Busqué en mis cajones algo que me diera una pista de la identidad de quien habitaba mi cuerpo. Encendí la computadora, busqué entre sus archivos digitales. En su correspondencia electrónica. Había cientos de correos, todos relacionados con el trabajo. Llenos de amenazas veladas, de violencia de los jefes, de exigencia de resultados. Había que irlos contestando, pues aunque yo no fuera yo, ahí estaba en esa oficina. Y sonreía. Lo noté cuando entró de nuevo la secretaria con mi café.
—Veo que está muy contento esta mañana, ¿será porque por fin se ha deshecho de Ibarra? —me dijo con sorna.
—¿No le parece un poco exagerado el término, Adriana? Tan sólo lo despedimos.
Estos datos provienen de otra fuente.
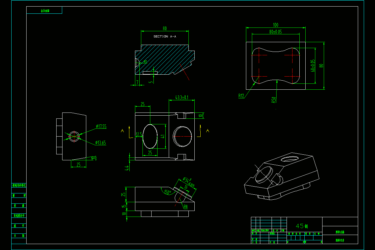 基于UG的六面体零件的多轴五轴加工工艺及VERICUT仿真数控编程含UG三维及张CAD零件图带设计计算说明。复杂形状的零件越来越多,精度要求也越来越高,对于复杂零件,往往采用数控机床或多轴数控加工中心。因此掌握零件的数控编程技巧与方法,并在数控加工前对数控程序进行仿真验证,利用计算机图形显示系统把加工过程中零件模型、刀具轨迹、刀具外形一起显示出来,对零件的加工过程进行数控加工仿真,对于减少零件的试切时间和次数,有效预防干涉、提高生产率等方面都有非常重要的意义实践依据。 介绍了六面体零件从毛坯到成品的加工工艺,对零件的结构进行了分析,制定了零件的加工工艺内容。选择了零件毛坯和设备,确定了定位基准,对零件的加工工艺方案、切削用量的选择等进行了具体的分析,采用UG自动编写多轴加工程序。并使用数控Vericut仿真软件进行铣削加工出零件,检验程序正确性。

—Estaba absolutamente acabado cuando terminó de recoger sus cosas, licenciado. Deshecho, si se me permite el término. Y cuando uno se deshace, pues se deshace. Es difícil recomponerse. De hecho, el contador Arriaga piensa que el pobre hombre podría cometer una tontería.
Al salir revisé en línea los periódicos, buscando una confirmación del triste presagio, la esquela de la muerte de ese pobre diablo que era yo. Pero el nombre no aparecía en ningún lado.
“¿Será que puede alguien deshacerse, literalmente, y venirse a rehacer en otro?”, pensé con cierta estupidez.
Busqué en la internet. Había un artículo interesante que arriesgaba una hipótesis similar a la mía. A esa capacidad, hasta ahora sólo pensada de forma teórica por la física, se le llama “traslado de dominio”.
Mi pregunta ahora es más crucial –o si se quiere más metafísica–, ¿me gustará ser quien soy ahora o querré deshacerme de nuevo, trasladarme? ¿Qué habrá sido de Ibarra, en realidad si no era nadie, salvo una especie de éter transmutable? Sólo sé que cuando se empieza una vida hay que aprenderlo todo, de nuevo.
Suena el teléfono, es mi jefe
—Lascurain, este es nuestro mejor año. Lo invito a jugar golf este fin de semana, me han dicho que es usted muy bueno. Así festejamos su nuevo ascenso a gerente divisional.
Sólo ahora me pregunto sobre la vida de ése que está en mi cuerpo pero que nadie reconoce como yo. Me veo en el espejo y sigo siendo Ibarra, pero todos me llaman Lascurain, como mi antiguo jefe.
Tengo sólo tres días para aprender a jugar golf.
O buscar, afanosamente, trasladarme nuevamente de dominio.